There are currently 11.8 million in the UK who are over 65 years old, and 1.6 million over 85. Figures also show there has been a 65% increase in centenarians in the UK over the last ten years.

By 2030, it’s predicted that there will be more than 20 million people aged 60 or over. Ten years later, by 2040, almost one in four people in the UK will be over 65. With figures like these increasingly pointing towards the fact that we will live longer than ever before, preparing financially for the future has never been more important.

Living conditions

Within the UK’s population of older people, 3.64 million aged 65 and above live alone. Almost 70% of these people are women.

The last year we have official figures for (2015/16) shows that the average net income for pensioners living alone was £250 per week. This is before housing costs – the figure after housing costs s £205.

For couples, the figures stood at £466 before housing costs are removed, and £436 after. However, average figures don’t show the whole picture.

Poorest pensioners

The least wealthy fifth of single pensioners are surviving on £106 per week, after meeting their housing costs. The richest fifth had £408 per week. For couples, the poorest were at £224 per week, and the richest at £911 per week.

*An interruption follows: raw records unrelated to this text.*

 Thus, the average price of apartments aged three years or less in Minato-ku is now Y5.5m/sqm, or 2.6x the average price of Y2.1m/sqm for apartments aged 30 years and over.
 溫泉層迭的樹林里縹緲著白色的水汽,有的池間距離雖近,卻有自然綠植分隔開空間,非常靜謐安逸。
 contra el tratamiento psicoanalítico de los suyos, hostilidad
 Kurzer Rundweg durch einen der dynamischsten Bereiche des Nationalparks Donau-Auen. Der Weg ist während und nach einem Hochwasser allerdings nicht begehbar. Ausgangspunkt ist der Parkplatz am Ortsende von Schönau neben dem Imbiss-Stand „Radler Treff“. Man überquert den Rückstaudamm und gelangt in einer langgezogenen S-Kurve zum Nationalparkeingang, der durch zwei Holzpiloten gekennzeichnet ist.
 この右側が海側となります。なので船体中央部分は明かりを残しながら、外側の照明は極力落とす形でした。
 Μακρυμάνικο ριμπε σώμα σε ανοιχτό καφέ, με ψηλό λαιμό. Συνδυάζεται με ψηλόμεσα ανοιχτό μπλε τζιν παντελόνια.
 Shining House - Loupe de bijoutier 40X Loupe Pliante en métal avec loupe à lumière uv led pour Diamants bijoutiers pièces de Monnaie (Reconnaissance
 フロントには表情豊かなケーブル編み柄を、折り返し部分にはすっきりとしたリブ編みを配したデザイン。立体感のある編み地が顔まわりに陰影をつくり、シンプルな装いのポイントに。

Around 26% of the older population in the UK report that they are ‘just getting by’ and finding it difficult. Worries for this generation include the cost of food, heating their homes in winter, and the general cost of living.

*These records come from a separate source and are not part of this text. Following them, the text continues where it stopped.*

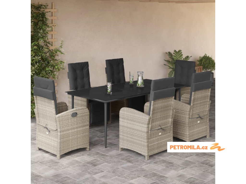 7dílný zahradní jídelní set s poduškami světle šedý polyratan
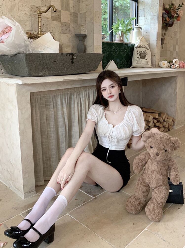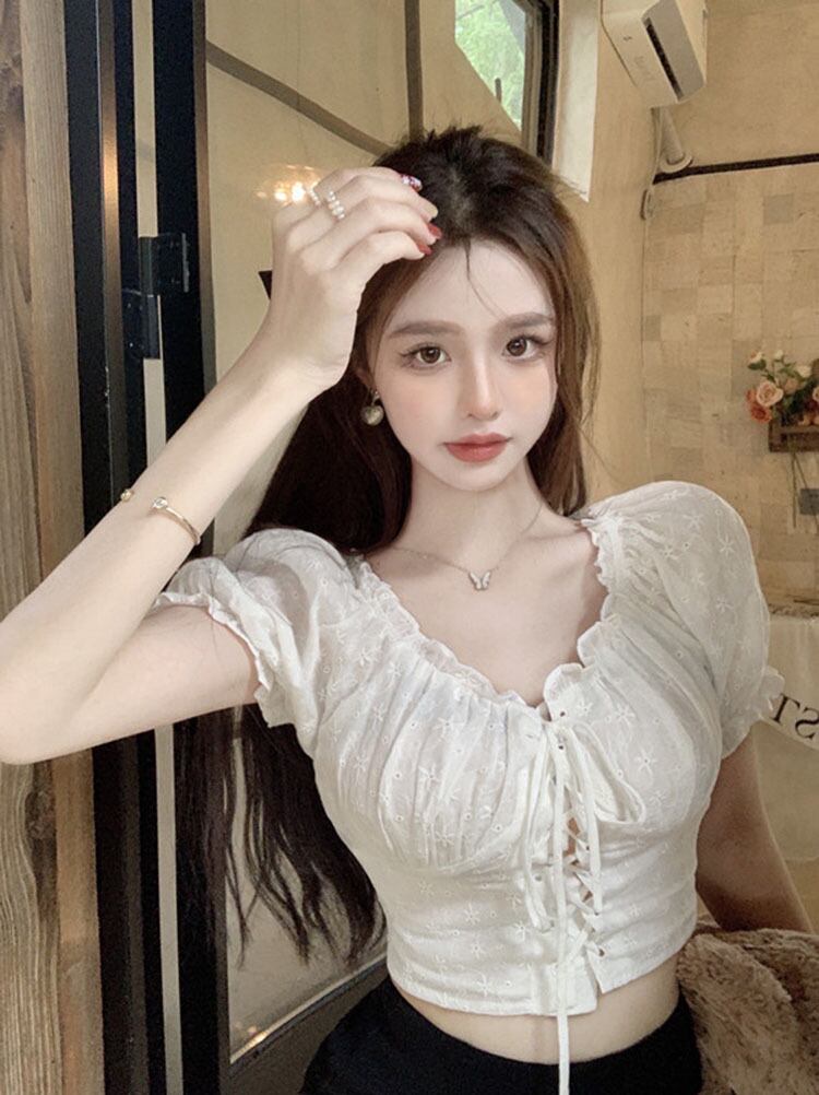 Pure desire temperament strap V-neck white shirt women's summer 2022 new French chic fungus edge short top ショート ホワイト サマー 夏物 Vネック 0921945804837425
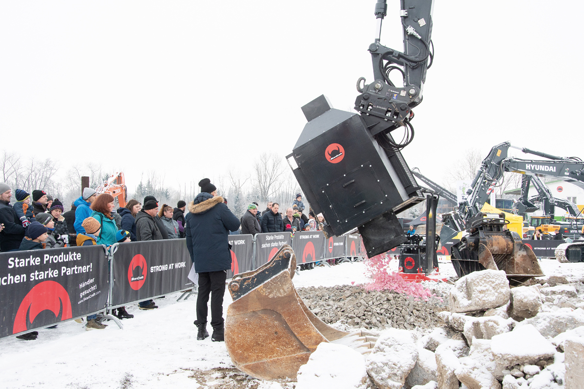Vertreten waren außerdem über 200 SkanCraft Anbaugeräte, die für jegliche Einsatzzwecke konzipiert wurden und in der Ausstellung unter die Lupe genommen werden konnten. Als echter Besuchermagnet erwies sich die Demofläche: SkanCraft stellte die Leistungsfähigkeit seiner Werkzeuge unter Beweis und führte unter anderem Hydraulikhämmer, Abbruchscheren, Hydraulikmagnete und Backenbrecherlöffel vor. Als Highlight durfte ein neu entwickelter Isolierstoffsauger begutachtet werden, der zum Absaugen von Isolierstoffen auf Abbruchbaustellen zum Einsatz kommt.

As of November 2016, 1.9 million pensioners in the UK were living in poverty. This is defined as having incomes below 60% of households. Out of this figure, one million are reported as being in severe poverty.

Older pensioners (85 years plus), single people who live alone, private tenants and pensioners from ethnic minorities are at the highest risk of poverty.

Combating pensioner poverty

One of the biggest problems in tackling the persistent problem of pensioner poverty is the fact that many people simply don’t realise they’re entitled to assistance from the government.

Older people are entitled to means tested benefits that have been designed to help them increase their income. Many people don’t receive these ‘top ups’ and are therefore left to struggle.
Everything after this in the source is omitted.